# SOURCE INFORMATION
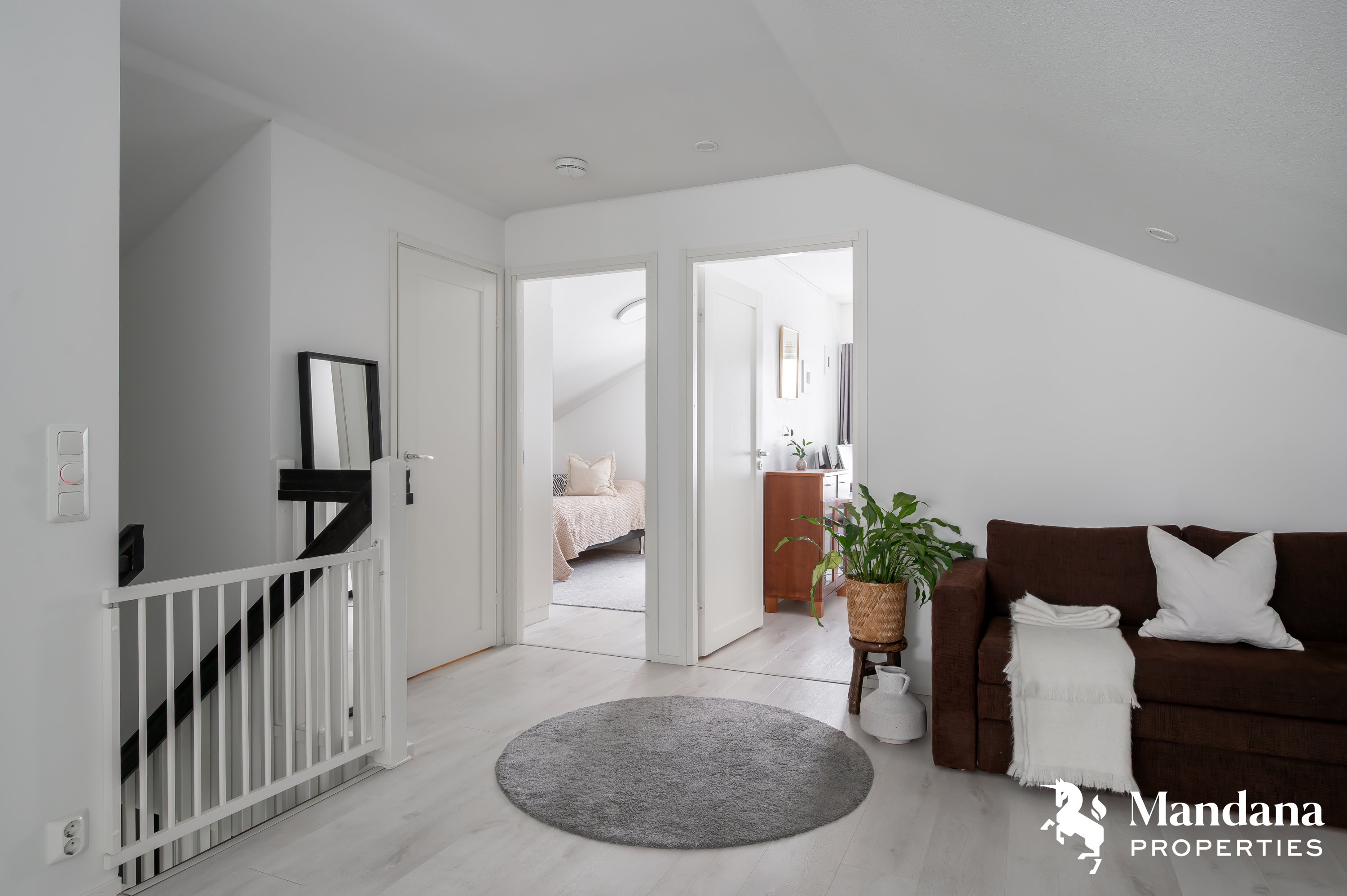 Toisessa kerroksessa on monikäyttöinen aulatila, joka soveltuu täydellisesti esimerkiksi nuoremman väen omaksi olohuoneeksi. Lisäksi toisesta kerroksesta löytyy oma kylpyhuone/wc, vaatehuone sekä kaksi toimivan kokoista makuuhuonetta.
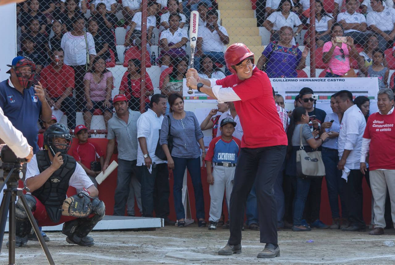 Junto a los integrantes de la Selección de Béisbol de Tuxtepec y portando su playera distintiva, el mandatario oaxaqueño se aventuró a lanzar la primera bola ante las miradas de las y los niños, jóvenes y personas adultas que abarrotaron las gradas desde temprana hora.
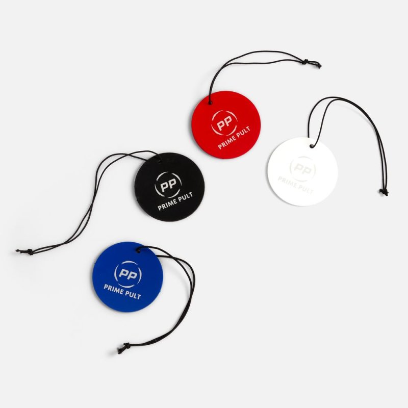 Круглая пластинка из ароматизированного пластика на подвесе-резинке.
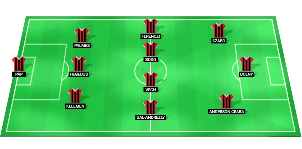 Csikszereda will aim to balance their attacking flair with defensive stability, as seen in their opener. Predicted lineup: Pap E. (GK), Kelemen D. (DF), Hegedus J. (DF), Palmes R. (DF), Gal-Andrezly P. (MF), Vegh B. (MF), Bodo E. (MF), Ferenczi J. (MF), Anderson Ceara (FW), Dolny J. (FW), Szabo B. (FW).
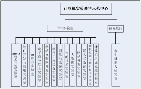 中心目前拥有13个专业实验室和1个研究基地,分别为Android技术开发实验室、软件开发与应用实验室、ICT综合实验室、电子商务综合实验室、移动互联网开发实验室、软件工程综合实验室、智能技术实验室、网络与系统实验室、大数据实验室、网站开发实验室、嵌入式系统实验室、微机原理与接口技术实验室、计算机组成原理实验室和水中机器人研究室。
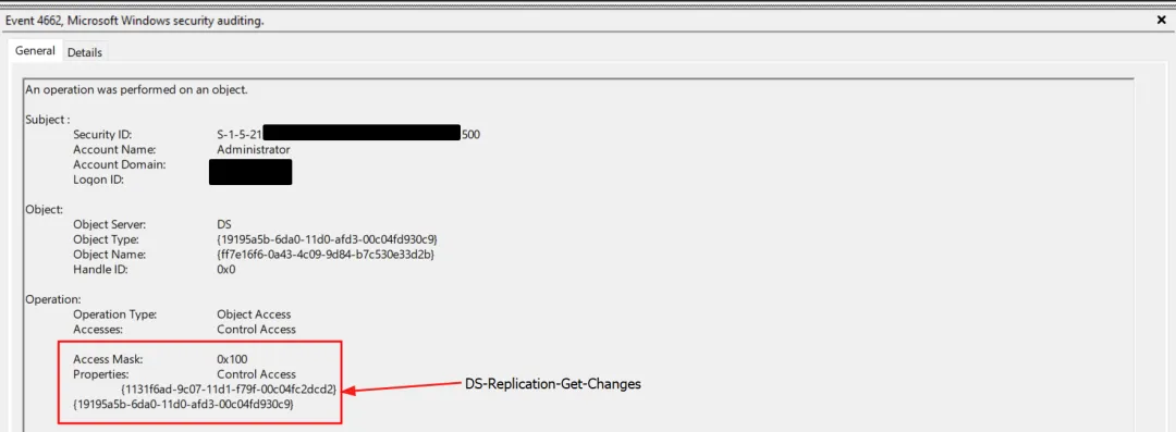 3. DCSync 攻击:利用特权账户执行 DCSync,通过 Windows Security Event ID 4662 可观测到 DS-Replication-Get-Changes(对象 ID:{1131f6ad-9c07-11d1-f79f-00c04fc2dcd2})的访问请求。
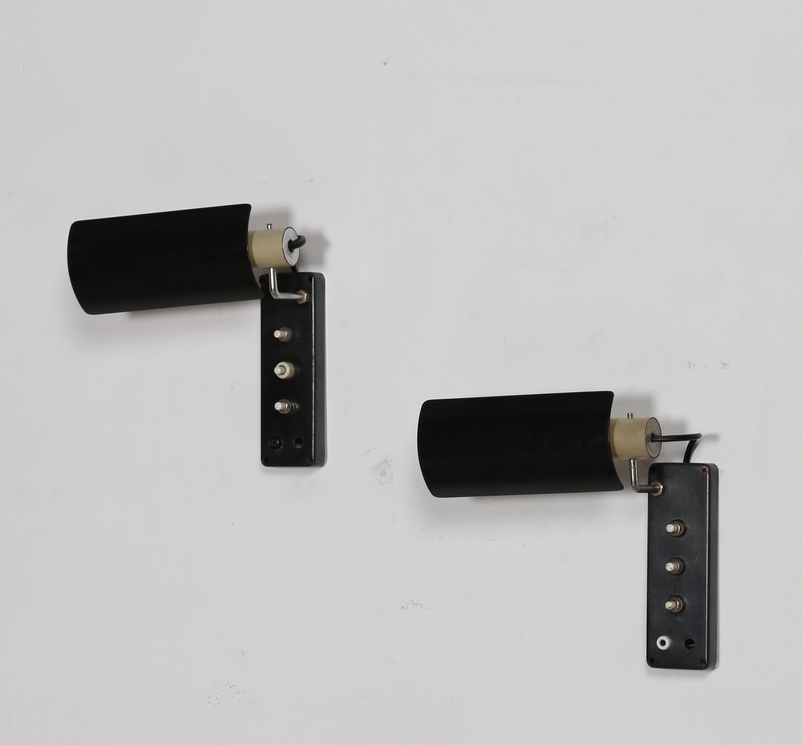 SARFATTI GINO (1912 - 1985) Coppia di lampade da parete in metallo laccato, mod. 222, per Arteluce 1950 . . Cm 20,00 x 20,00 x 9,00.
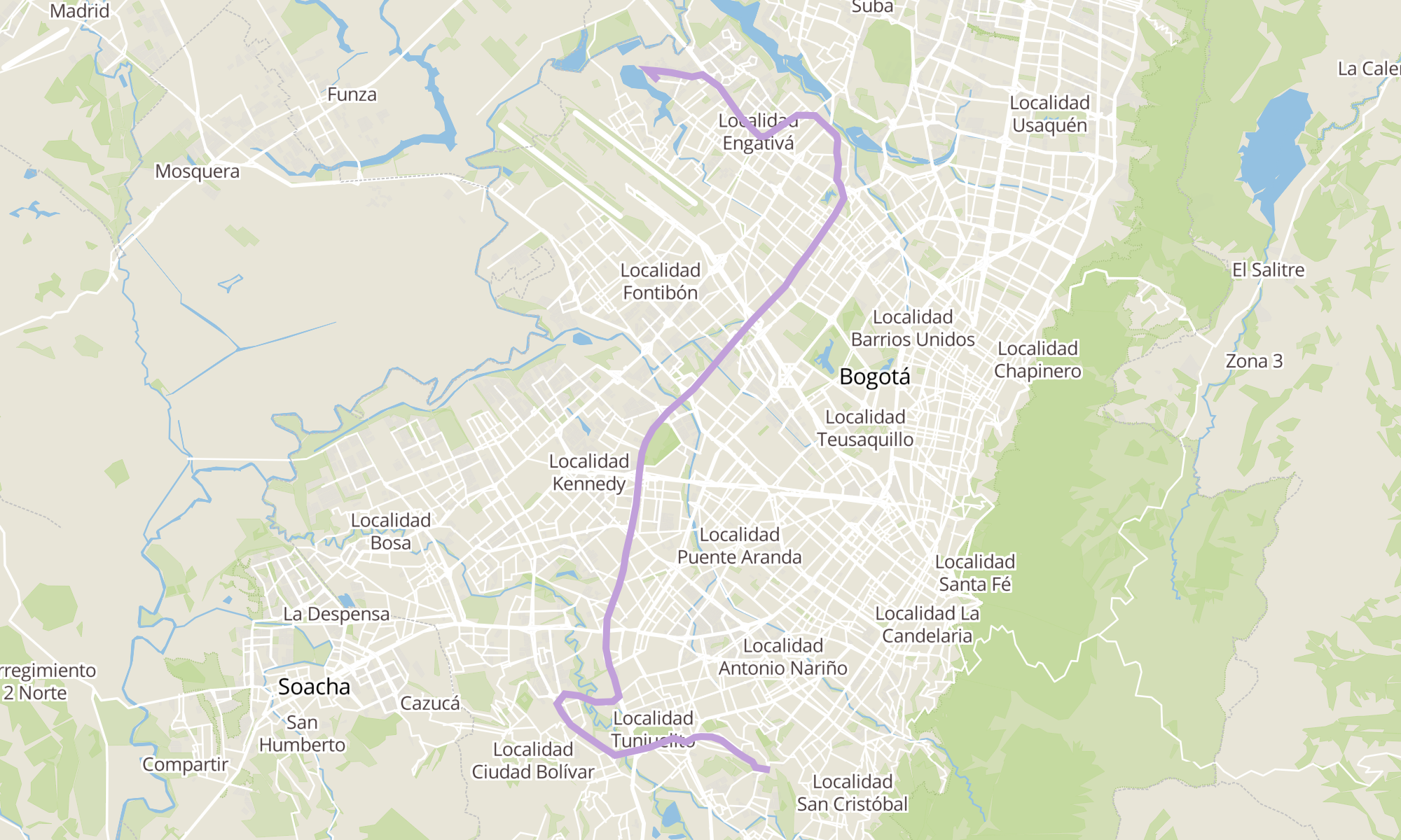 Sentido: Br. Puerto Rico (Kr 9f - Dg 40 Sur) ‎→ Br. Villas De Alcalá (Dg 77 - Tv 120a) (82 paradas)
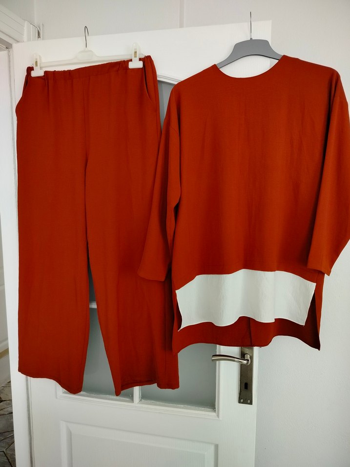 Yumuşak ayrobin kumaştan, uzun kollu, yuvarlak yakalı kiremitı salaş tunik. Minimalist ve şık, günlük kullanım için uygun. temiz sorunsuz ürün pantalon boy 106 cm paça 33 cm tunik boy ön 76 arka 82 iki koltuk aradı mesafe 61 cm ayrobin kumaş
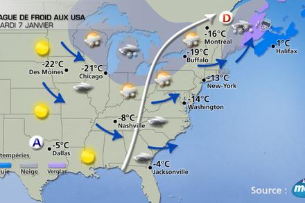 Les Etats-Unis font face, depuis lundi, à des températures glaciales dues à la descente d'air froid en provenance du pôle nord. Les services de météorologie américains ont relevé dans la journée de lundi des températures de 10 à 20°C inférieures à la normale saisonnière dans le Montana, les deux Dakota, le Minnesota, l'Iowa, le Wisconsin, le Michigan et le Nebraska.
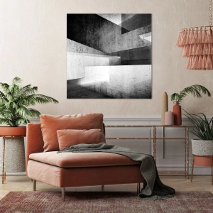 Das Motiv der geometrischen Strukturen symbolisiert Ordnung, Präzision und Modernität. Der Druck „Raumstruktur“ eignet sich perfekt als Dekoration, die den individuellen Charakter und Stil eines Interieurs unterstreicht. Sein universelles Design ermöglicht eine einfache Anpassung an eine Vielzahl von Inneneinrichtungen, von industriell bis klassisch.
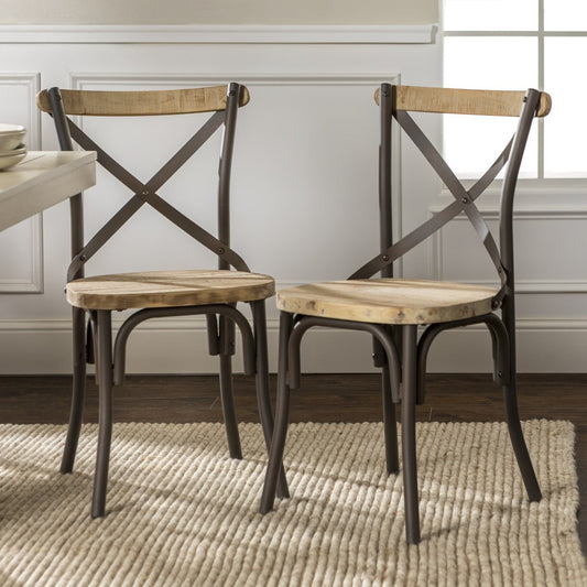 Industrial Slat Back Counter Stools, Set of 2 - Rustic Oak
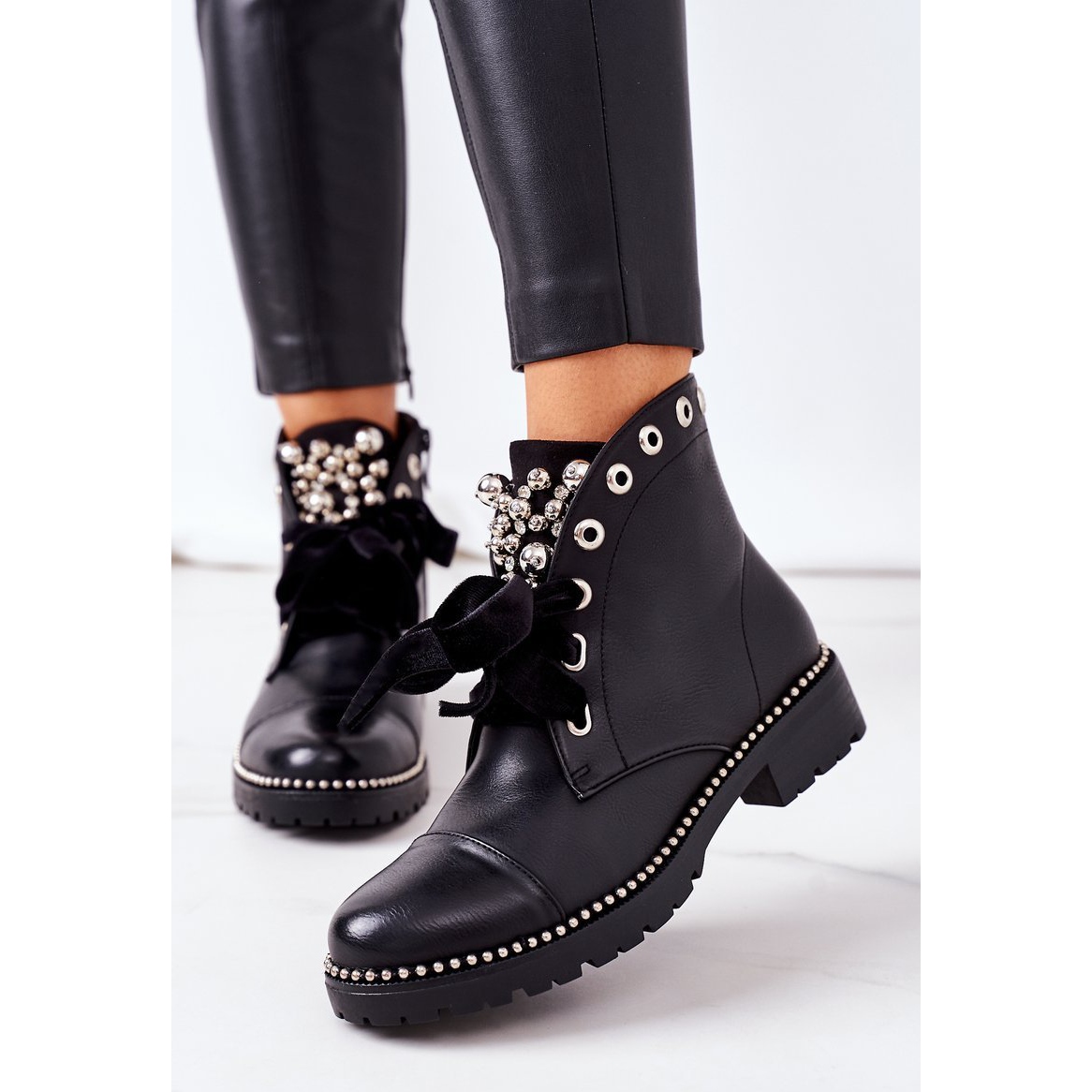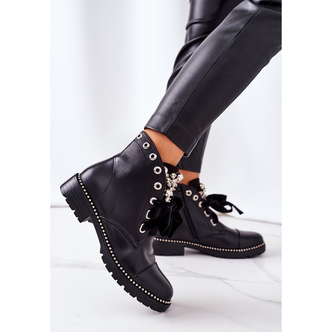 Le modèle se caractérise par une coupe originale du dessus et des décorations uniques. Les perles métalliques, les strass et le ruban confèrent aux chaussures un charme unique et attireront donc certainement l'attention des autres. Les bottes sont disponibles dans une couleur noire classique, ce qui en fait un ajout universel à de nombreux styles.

# PROBLEM TO SOLVE
Begin at the first line of the records. Print every line through the one containing "Junto a los" exactly, but skip the pictures.

# ANSWER SECTION
 Toisessa kerroksessa on monikäyttöinen aulatila, joka soveltuu täydellisesti esimerkiksi nuoremman väen omaksi olohuoneeksi. Lisäksi toisesta kerroksesta löytyy oma kylpyhuone/wc, vaatehuone sekä kaksi toimivan kokoista makuuhuonetta.
 Junto a los integrantes de la Selección de Béisbol de Tuxtepec y portando su playera distintiva, el mandatario oaxaqueño se aventuró a lanzar la primera bola ante las miradas de las y los niños, jóvenes y personas adultas que abarrotaron las gradas desde temprana hora.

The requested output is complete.